Y entonces, para que sigamos votando a algún partido, estamos sometidos a una excitación continua, una confrontación de papel escenificada en los telediarios y las tertulias «políticas»de los platós de televisión, que apela a nuestros miedos y fobias con objeto de intentar enfrentarnos unos contra otros, obligarnos a tomar partido («o eres comunista o eres fascista») y levantar barreras identitarias («yo soy de los míos y los otros son los culpables de todos nuestros males»).
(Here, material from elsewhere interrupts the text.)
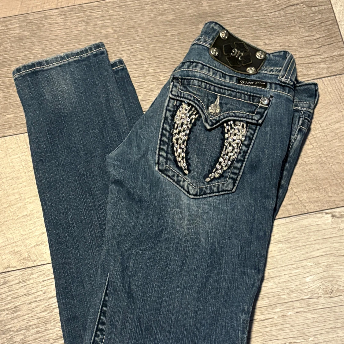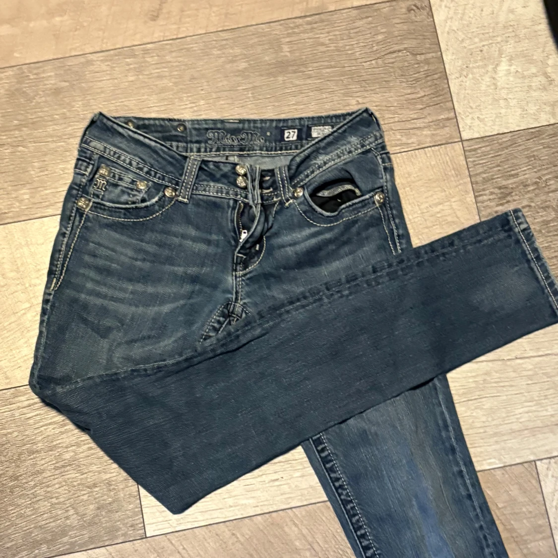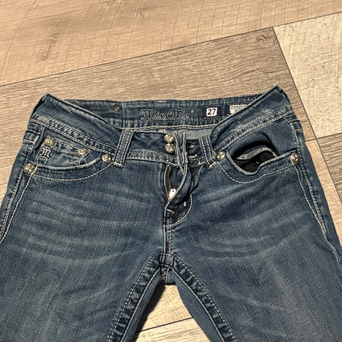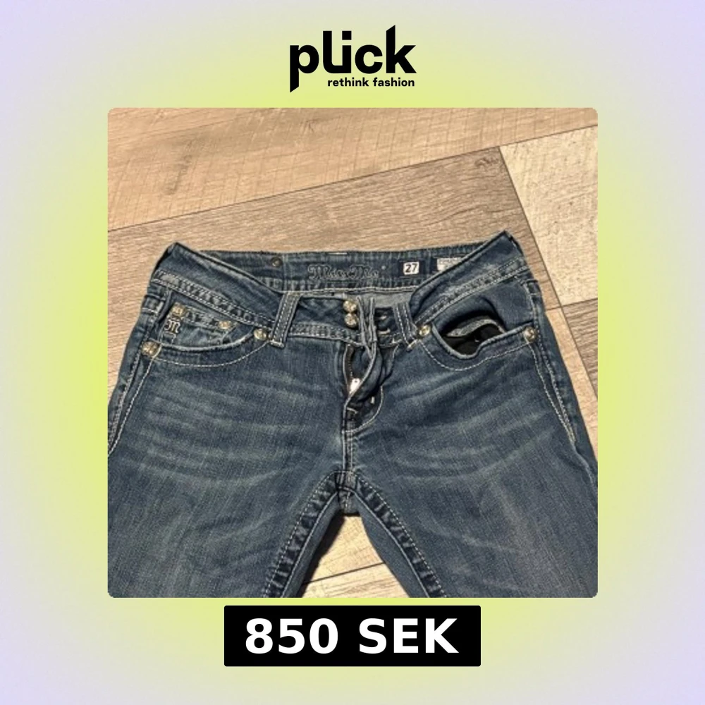 Om ni bor i Stockholm kan vi mötas istället och få billigare Snygga blå Miss Me jeans med låg midja och raka ben. Jeansen har coola strassdetaljer på bakfickorna, dubbla knappar och snörning fram. Klassisk denim med kontrastsömmar och metallknappar för en extra edgy look.

El segundo problema es que los partidos, en particular los mayoritarios, acumulan un exceso de poder interno (sus cúpulas someten a una férrea disciplina a sus cargos públicos y parlamentarios) así como externo: copando las Administraciones Públicas, contratando «personal de confianza», acaparando subvenciones públicas para organizaciones o fundaciones propias, nombrando los miembros del Consejo General del Poder Judicial (¿dónde ha quedado la separación de los poderes -legislativo, ejecutivo y judicial- de la que hablaba Montesquieu?), etc.
Más vale ir pensando qué hacer sin esperar a lo que digan nuestros «representantes».